Queries tab
The Queries tab is built around pg_stat_statements. It is used to find query patterns that consume the most time or show unstable latency.
Requirements
pg_stat_statements must be installed and loaded.
Without it:
- query-level ranking is limited
- several tuning signals become weaker
- the app cannot show the same level of query evidence
Top queries
Queries are primarily ranked by total execution time. Each row can show:
- normalized query text from
pg_stat_statements - total execution time
- calls
- average time
- rows
- P95 and P99 latency estimates
Tail latency estimation
pg_stat_statements is a summary extension. It does not store every execution sample.
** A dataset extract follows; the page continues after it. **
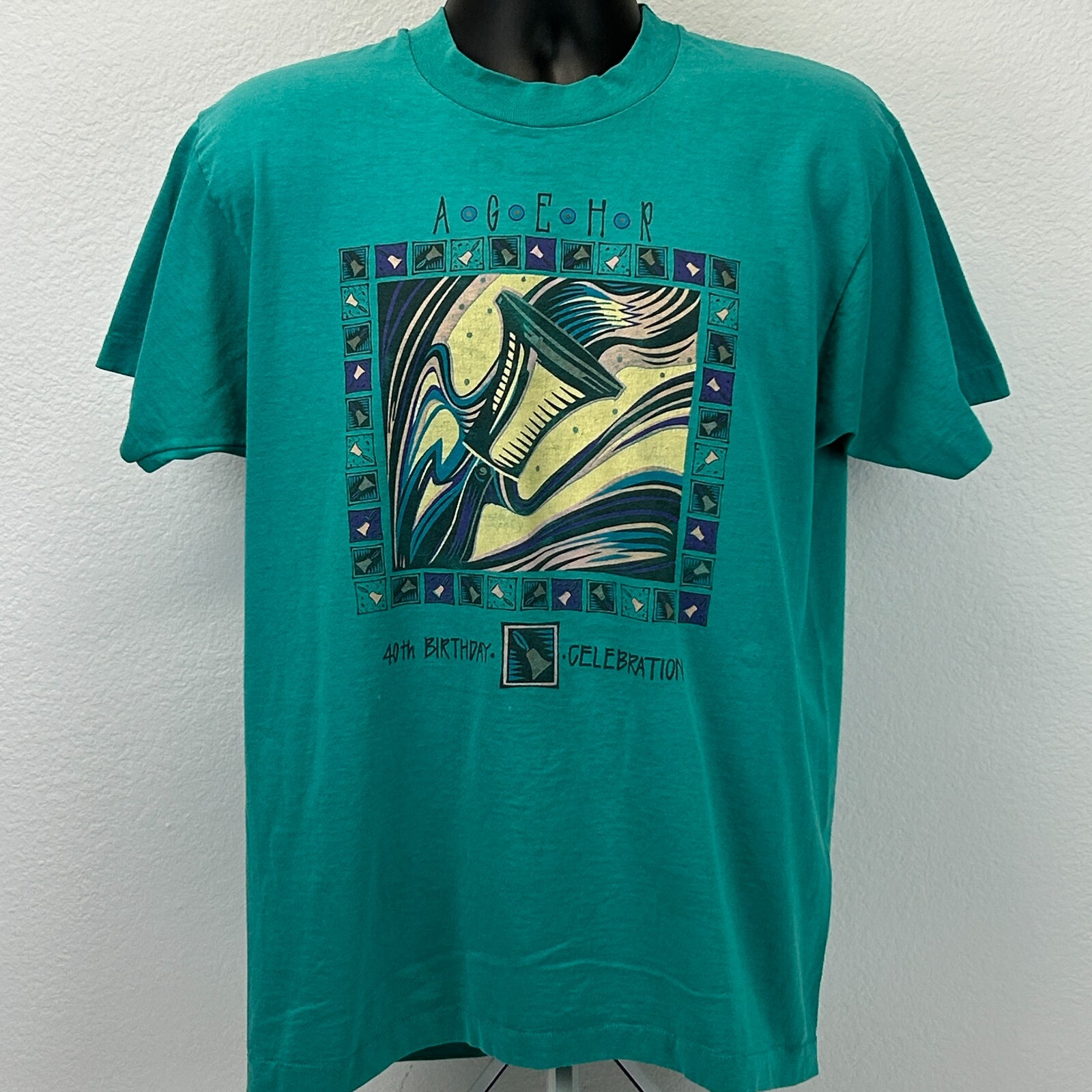 Vintage 90s AGEHR T Shirt Mens L Large Handbell Musicians of America American Guild of English Handbell Ringers Fruit of the Loom Green Single Stitch Made In USA Graphic Tee CONDITION: Has some spots, image cracking, and a few tiny pinholes have been patched from the inside. The holes should not spread further and skin will not show through. No other flaws noticed. See photos. SIZE AND MEASUREMENTS: Mens/Unisex L Large Width 21" - Underarm to underarm Length 28.5" - Measure from top of shoulder at the edge of collar to the bottom of the shirt

When only summary timing data is available, pocketPG estimates tail latency from those summary fields. Very low-volume queries are filtered so one-off calls do not create misleading alerts.
Tail latency insights
The page highlights queries whose latency tail, variance, or total time looks operationally important.
The purpose is not to claim that every slow query needs tuning. The purpose is to separate:
- expensive query patterns
- unstable query patterns
- noisy but low-impact query patterns
Wait event correlation
On PostgreSQL 14 and later, pocketPG can add current wait-event context from pg_stat_activity when a matching query is actively running. That helps distinguish lock waits, I/O waits, lightweight lock pressure, and other runtime causes.
Extension recommendations
After query analysis, the app may also suggest extension-related follow-up ideas such as:
- trigram indexing for substring search workloads
- JSONB indexing when JSON containment or path access appears frequently
- partition-management tooling for large time-oriented workloads
- plan-capture tooling for highly variable or very slow statements
- maintenance tooling when bloat and vacuum lag appear together
- prepared-statement guidance when planning overhead is visible
Already-installed extensions are excluded automatically.
Query regression detection
The browser keeps a lightweight local baseline between page loads. If a query becomes materially slower relative to that baseline, the UI can mark it as regressed.
This is a convenience signal, not a historical performance warehouse.
Caching
Query data is short-lived cached so repeated page loads do not hammer pg_stat_statements unnecessarily.